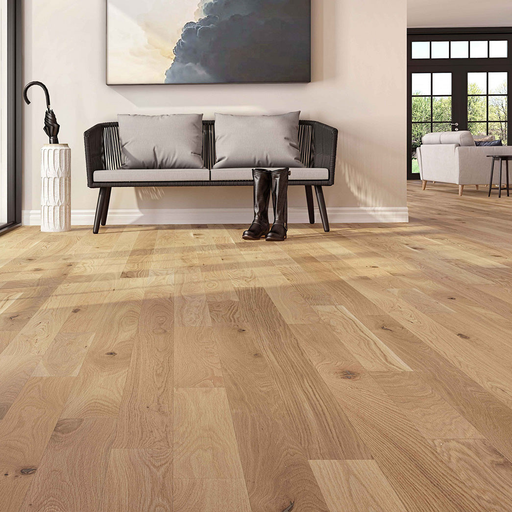 Experience the timeless beauty of solid hardwood, installed with precision to bring natural elegance to your space.
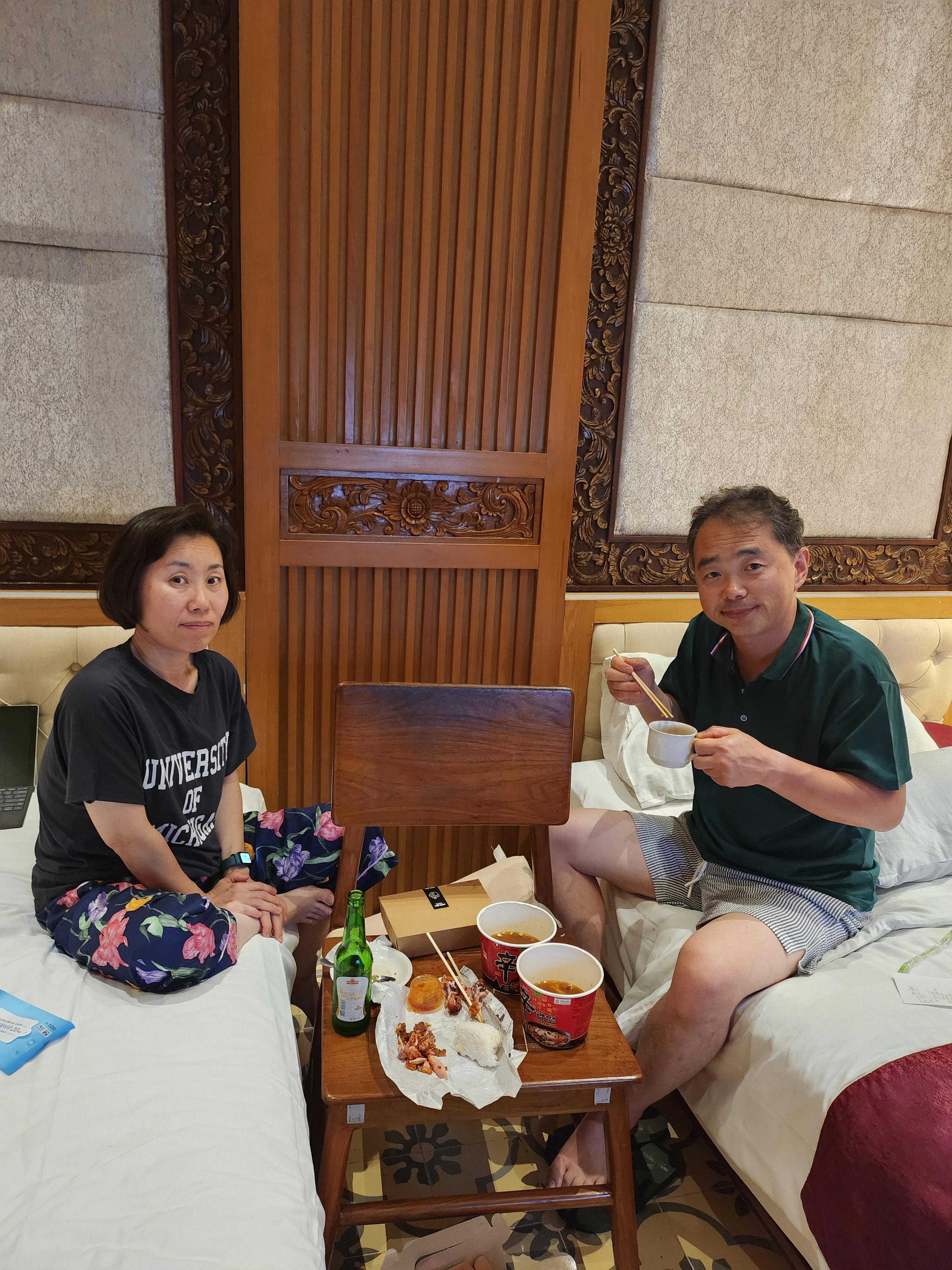 저녁은 S로 시작하는 한국 치킨(그랩으로 배달)과 치킨 호텔 라운지에서 픽업할때 근처 편의점가서 사온 컵라면
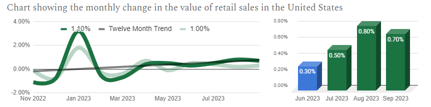 The US retail sales report measures the change in value of aggregated retail goods and services sales over a given month compared with the previous. The latest data covers the September period and was published on October 17th by the Census Bureau and the next version is out on November 15th.
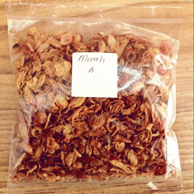 Bawang Goreng dengan kualitas terbaik,tanpa minyak, tekstur renyah,kriuk,serta memiliki aroma wangi yang kuat sangat cocok untuk campuran makanan, dan bumbu.

#### INSTRUCTIONS FOR THE TASK
All that should be printed is the lines from the one containing "The US retail" through the last line of the material above, both ends included, exactly as they stand; please skip the pictures.

#### TASK SOLUTION
 The US retail sales report measures the change in value of aggregated retail goods and services sales over a given month compared with the previous. The latest data covers the September period and was published on October 17th by the Census Bureau and the next version is out on November 15th.
 Bawang Goreng dengan kualitas terbaik,tanpa minyak, tekstur renyah,kriuk,serta memiliki aroma wangi yang kuat sangat cocok untuk campuran makanan, dan bumbu.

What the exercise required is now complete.